(Material provided Opens)

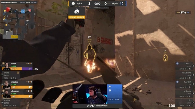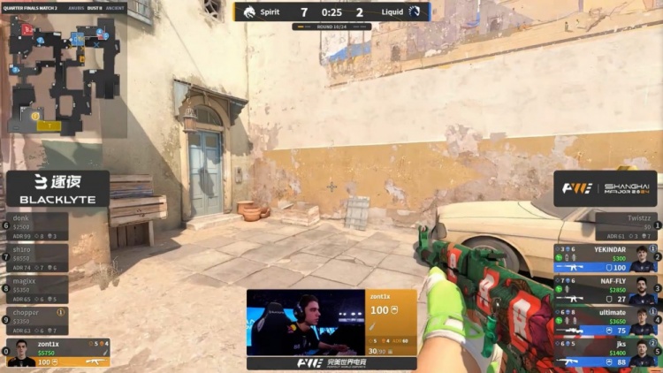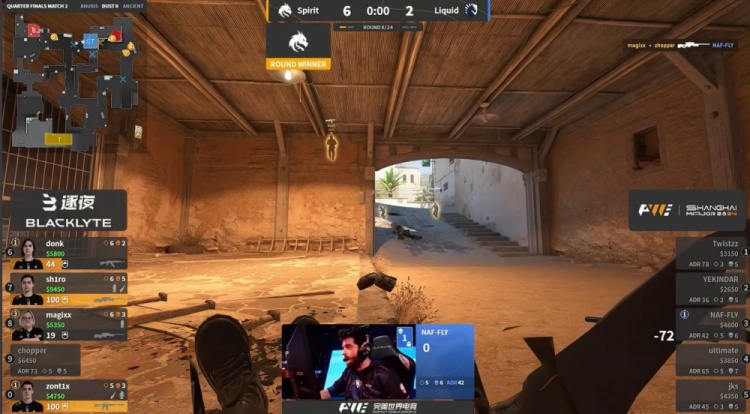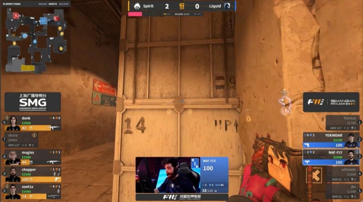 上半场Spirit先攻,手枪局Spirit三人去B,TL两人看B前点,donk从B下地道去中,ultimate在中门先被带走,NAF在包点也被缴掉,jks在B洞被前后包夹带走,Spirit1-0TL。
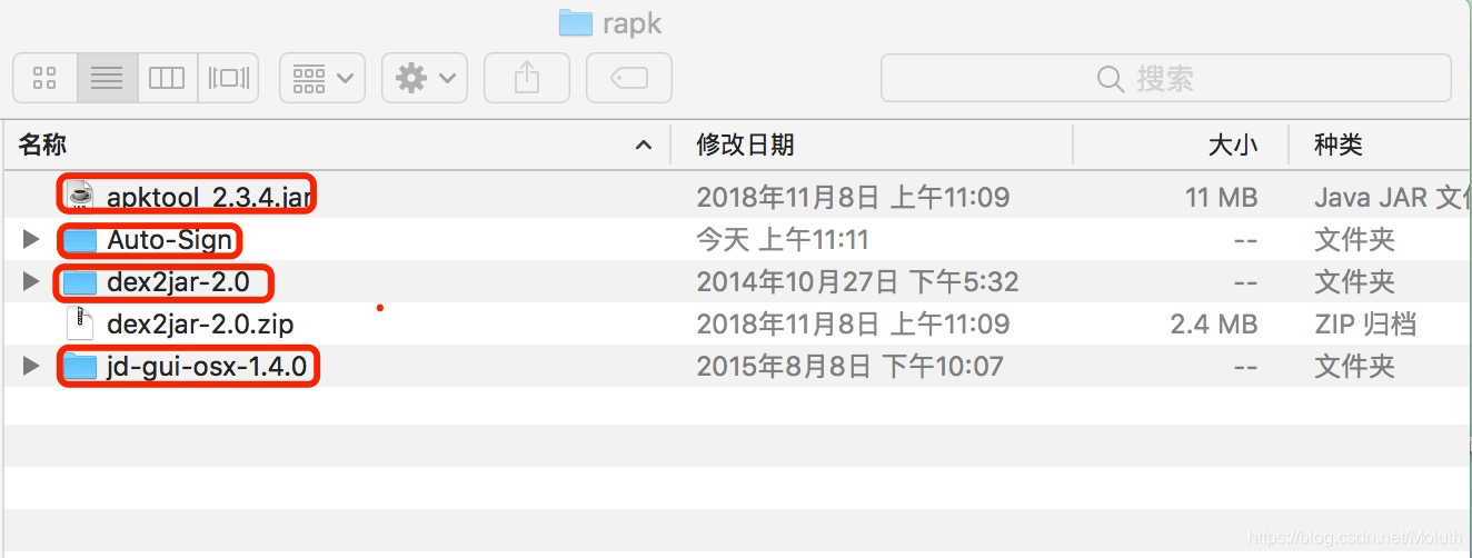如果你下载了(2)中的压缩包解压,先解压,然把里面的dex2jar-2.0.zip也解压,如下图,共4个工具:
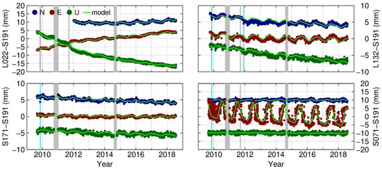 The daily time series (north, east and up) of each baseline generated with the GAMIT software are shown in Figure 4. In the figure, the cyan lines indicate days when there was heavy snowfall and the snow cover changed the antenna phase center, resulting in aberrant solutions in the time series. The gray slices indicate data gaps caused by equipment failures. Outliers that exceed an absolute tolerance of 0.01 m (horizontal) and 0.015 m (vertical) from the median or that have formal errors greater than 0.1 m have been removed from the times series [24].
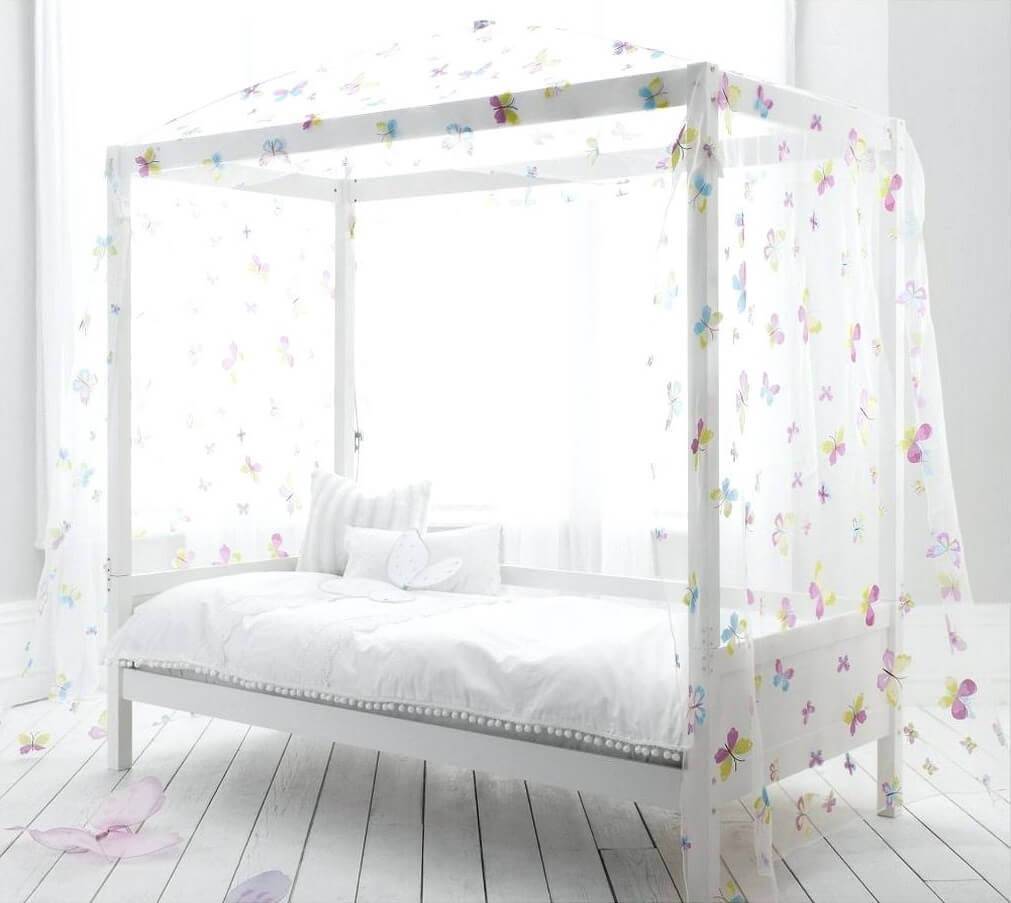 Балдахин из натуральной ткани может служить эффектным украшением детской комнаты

(Material provided Closes)

§ Task description
Beginning with the line above that contains "如果你下载了(2)中的压缩包" and finishing with the line that contains "The daily time", print those lines exactly and only. Skip all pictures.

§ Answer box
如果你下载了(2)中的压缩包解压,先解压,然把里面的dex2jar-2.0.zip也解压,如下图,共4个工具:
 The daily time series (north, east and up) of each baseline generated with the GAMIT software are shown in Figure 4. In the figure, the cyan lines indicate days when there was heavy snowfall and the snow cover changed the antenna phase center, resulting in aberrant solutions in the time series. The gray slices indicate data gaps caused by equipment failures. Outliers that exceed an absolute tolerance of 0.01 m (horizontal) and 0.015 m (vertical) from the median or that have formal errors greater than 0.1 m have been removed from the times series [24].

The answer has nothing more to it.